Will he get in? It’s doubtful. He had a late start; Soriano wasn’t a regular until he was 25, then once he joined the Cubs he tailed off considerably. In 889 games with Chicago, he was worth 8.1 rWAR (1.5 per 162 games) or 18.3 fWAR (3.3 per 162 games). His .319 career OBP was subpar, as was his defense.

Rick Reuschel (Modern Baseball Era Committee – possibly 2020)

214-191 W/L, 3.37 ERA, 3,548 1/3 IP, 2,015 K, 69.7 rWAR, 68.2 fWAR, 114 ERA+

Rick Reuschel had a sneaky-good career. He spent many years toiling for mediocre teams but had success because he was able to keep the ball in the park and was relatively stingy with the base on balls. Even without huge strikeout totals, “Big Daddy” was able to turn in a strong Major League career. There are 27 pitchers in MLB history with at least 214 wins, 2,015 strikeouts and 68 pitching WAR; 24 are in the Hall of Fame. The others are Roger Clemens, Curt Schilling and Rick Reuschel.

Will he get in? Likely not, but he’s probably better than you think.

Aramis Ramírez (BBWAA - 2021)

386 HR, 1,417 RBIs, .283/.341/.492, 32.6 rWAR, 38.7 fWAR, 115 wRC+

Ramírez is fifth all-time in career home runs as a third baseman, with 381 (the other five were either as DH or PH). In his first five full seasons with the Cubs, he averaged 32 HR and 105 RBI, hitting an excellent .302/.366/.554 (131 wRC+). With the third base position being considerably underrepresented in the Hall of Fame, Ramírez starts to look a little more interesting.
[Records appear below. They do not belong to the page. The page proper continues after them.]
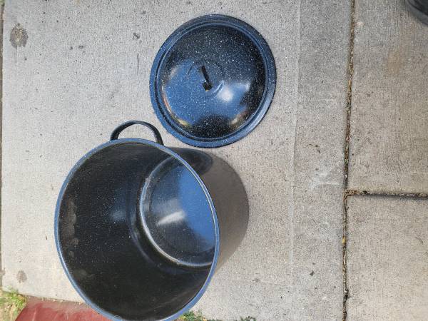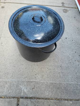 Has a porcelain enamel surface over a steel core body. The steel core is an excellent heat conductor and gives an even heat distribution for faster cooking times. The glass-like enamel surface does not interact with foods and cleans up easily with warm soapy water. Black with white specks. 10.5'' wide x 10'' deep. If you are reading this, then I STILL HAVE IT.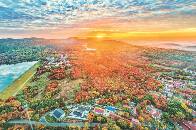 11月13日,霞光映照的南京市溧水区白马镇浮山村色彩斑斓,山峦与水库、村落、林木、田园相映成景,构成一幅生态宜居的美丽画卷。 朱红生 摄 (视觉江苏网供图)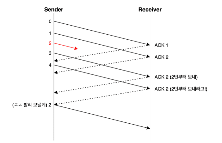 해당 기법을 빠른 재전송 이라고 부르며, 송신 측은 자신이 설정한 타임 아웃 시간이 지나지 않았어도 바로 해당 패킷을 재전송할 수 있기 때문에 보다 빠른 전송률을 유지할 수 있게 된다.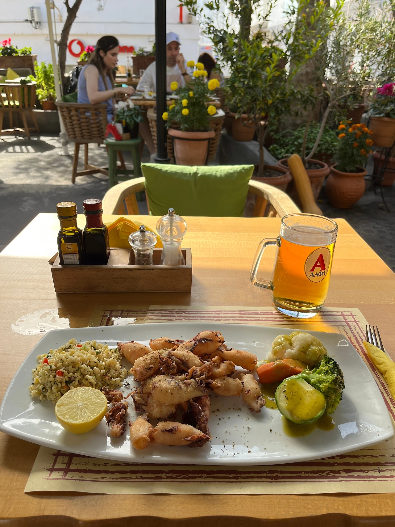 이르지도, 늦지도 않은 시간에 일어나 짐정리 한 뒤 체크아웃 하고, 남은 시간 동안 피라 마을을 더 둘러볼까 싶다가 더운 날씨에 굳이 움직이고 싶은 마음은 없기에 근처 식당에 들어가 오전부터 오징어 튀김에 맥주 한 잔 시켜두고 시간을 보냈다. 오징어 튀김은 크로아티아 때와 달리 퀄리티도 별로인 데다 그다지 싼 편도 아니라 썩 만족스러운 식사는 아니었지만, 그래도 휴양지 식당의 따듯하고 여유로운 분위기는 참 좋았다.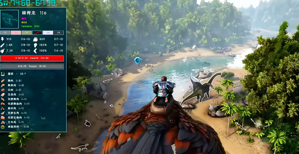知道了喂什么,接下来就是怎么让恐龙老老实实吃下去。通常的步骤是先把恐龙打晕,让它进入昏迷状态。这时候你走近它,按E键就能打开它的物品栏,然后把准备好的食物拖到它的背包里,它就会自己开始吃了。这个过程里你得时刻注意两个进度条:紫色的那个是昏迷条,如果它快见底了恐龙就会醒过来逃跑,那就前功尽弃了;金色的那个是驯服条,等它涨到100%就大功告成。为了不让紫色的条掉太快,你得给它强制喂食一些能维持昏迷的东西,首选是麻醉药,它效果最好,对驯化效率的影响也最小;退而求其次的选择是黑果子,也就是麻醉药的材料,但喂这个会降低驯化效率。千万别喂白果子,那东西是解麻的,会加快恐龙苏醒,直接导致失败。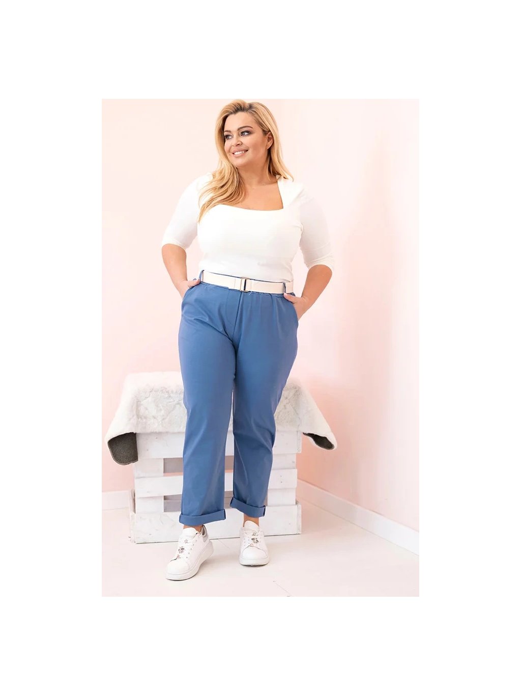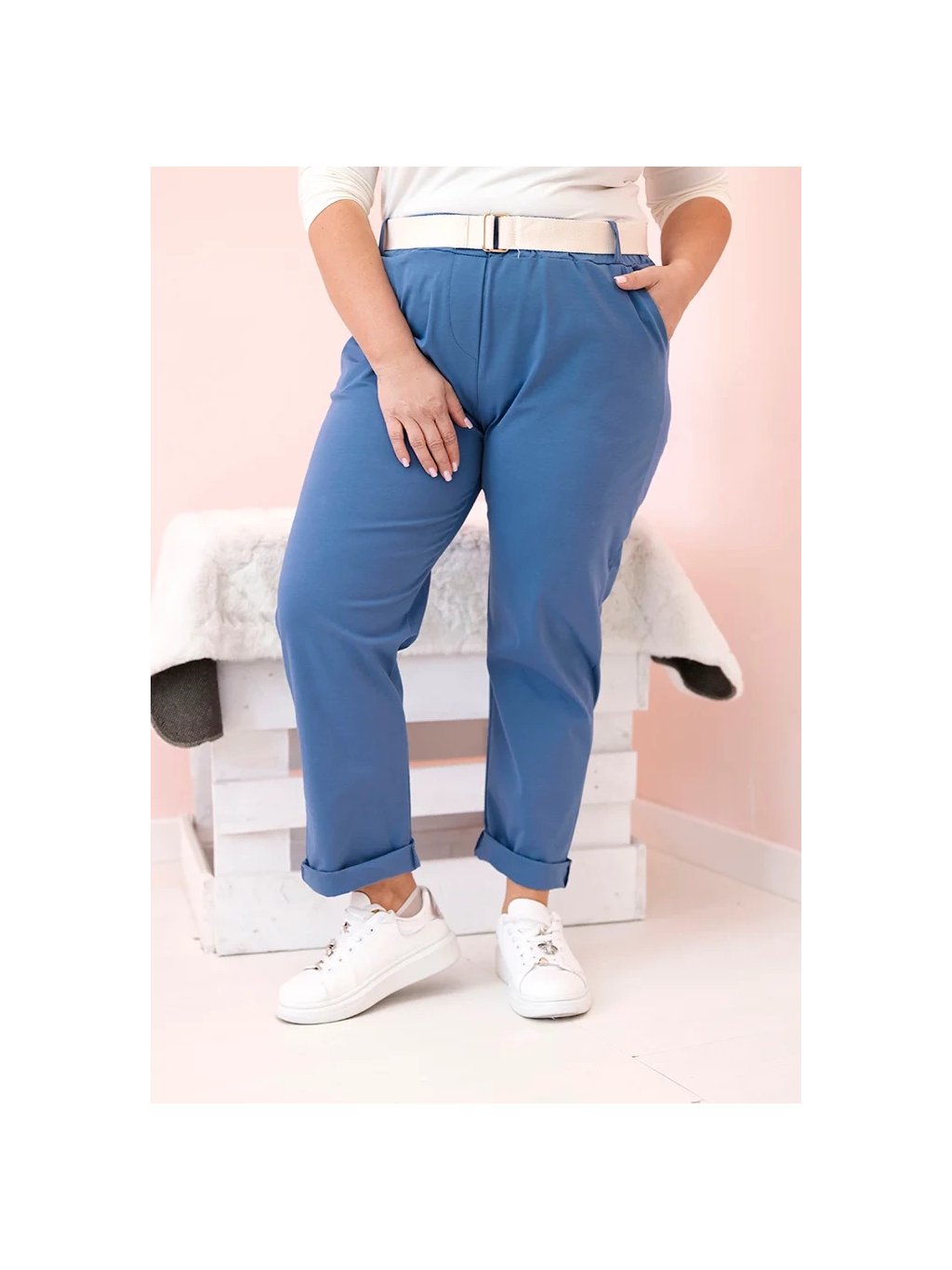 Modré dámske bavlnené plus size nohavice s pásikom

Will he get in? It’s doubtful. He put up big offensive numbers in an era where many players did the same. His defense was underwhelming and his high MVP finish was 9th (in 2012 with the Brewers).

Joe Nathan (BBWAA - 2022)

377 SV, 2.87 ERA, 923 1/3 IP, 26.7 rWAR, 19.4 fWAR, 151 ERA+

Nathan pitched three games for the 2016 Cubs. Did you forget already?  He’s 8th on the career saves list with 377 and he brought quality as well as quantity. Of the 50 pitchers with at least 200 career saves, he’s eighth with a 151 ERA+.
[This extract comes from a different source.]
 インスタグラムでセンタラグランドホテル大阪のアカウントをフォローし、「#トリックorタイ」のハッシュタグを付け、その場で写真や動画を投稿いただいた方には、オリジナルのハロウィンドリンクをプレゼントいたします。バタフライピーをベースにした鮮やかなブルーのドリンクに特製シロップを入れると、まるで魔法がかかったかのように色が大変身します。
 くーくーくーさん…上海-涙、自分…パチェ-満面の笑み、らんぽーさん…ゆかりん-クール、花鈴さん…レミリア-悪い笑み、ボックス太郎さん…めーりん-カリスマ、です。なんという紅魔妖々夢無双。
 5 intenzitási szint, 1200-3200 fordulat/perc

Nathan's peak run was 2004-09 – his first six seasons with the Twins. He put up a 1.87 ERA and 0.934 WHIP with 518 K to only 271 hits in 418 2/3 IP over that span.

Will he get in? Probably not. Billy Wagner was clearly better yet only managed 16.7 percent of the BBWAA vote in 2019.
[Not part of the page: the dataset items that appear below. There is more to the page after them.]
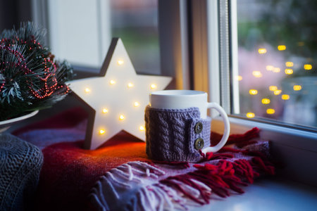 Knitted mug with tea on checkered plaid near window with LED white Christmas star on background. Festive New Year composition in daylight.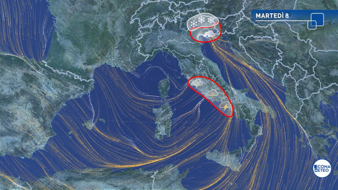 Mercoledì MALTEMPO in attenuazione, ma non ovunque: molto VENTO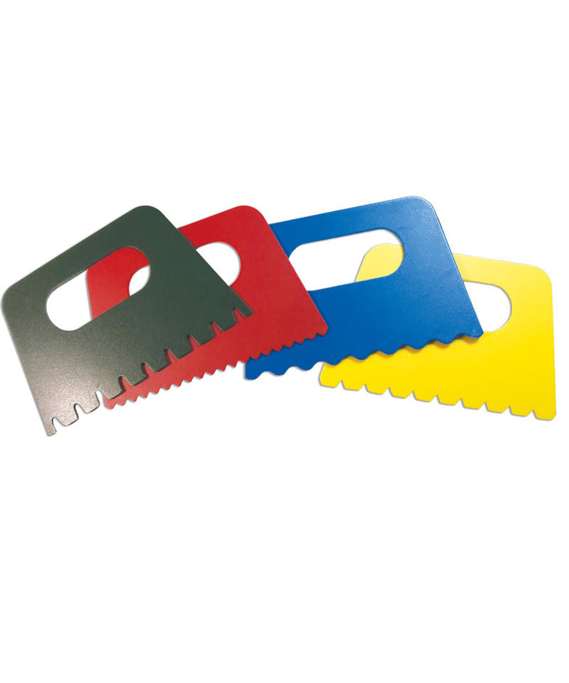Make wild designs in wet paint with 7 different scraper styles. Paint and texture go hand in hand with this must-have paint tool. Simply drag the scrapers through paint to create lines and patterns. The teeth of 4 of the scrapers are spaced at varying widths. The 3 varying-sized flat scrapers help to ensure smooth textures. Includes 7 scrapers in assorted styles and colors), 3" x 5" (8 x 13 cm).

Fred McGriff (Today’s Game Era Committee – possibly 2022)

493 HR, 1,550 RBIs, .284/.377/.509, 52.6 rWAR, 56.9 fWAR, 134 wRC+

McGriff received 39.8 percent of votes from the BBWAA in 2019 – his final year on the ballot. His case now goes to the Today’s Game Era Committee.

The Crime Dog’s case has had some recent momentum – with good reason. McGriff was consistent and he had a clean reputation, which will help him going forward. The work stoppage of 1994-95 likely cost him a shot at 500 career home runs, which would probably been enough to get him elected via BBWAA in the first place.

By the way, who was the last Cubs lefty prior to Anthony Rizzo to hit 30 HR in a season? It was Fred McGriff in 2002.

Will he get in? I think he’ll get elected the first time he goes on the Today’s Game Era ballot.

Kenny Lofton (Today’s Game Era Committee – possibly 2024)

Lofton played only 56 games with the Cubs – all in 2003 – after coming over from Pittsburgh along with Aramis Ramírez. When considering leadoff men from 1980-present, Rickey Henderson was the best. Then there’s Tim Raines. After that, it just might be Kenny Lofton.

  Games Runs HR RBIs SB BA/OBP/SLG wRC+ rWAR fWAR
Player A 2,651     1,420 117 780 509 .311/.355/.402 104 59.3 57.6
Player B 2,103 1,528 130 781 622 .299/.372/.423 109 68.3 62.4
Player C 2,616 1,610 149 900 938 .293/.343/.410 109 45.3 43.2

Player B is Lofton. Player A is Ichiro. Player C is Lou Brock.

Lofton earned six All-Star selections and four Gold Glove Awards in his career. He’s one of five players in MLB history with 100 triples, 100 home runs and 600 stolen bases. The others are Tim Raines, Lou Brock, Ty Cobb and Honus Wagner. From 2002-07, Lofton played with nine different teams, which may hurt his case a bit.

Will he get in? I think Lofton will get in eventually through the Era Committee, though it might take a while.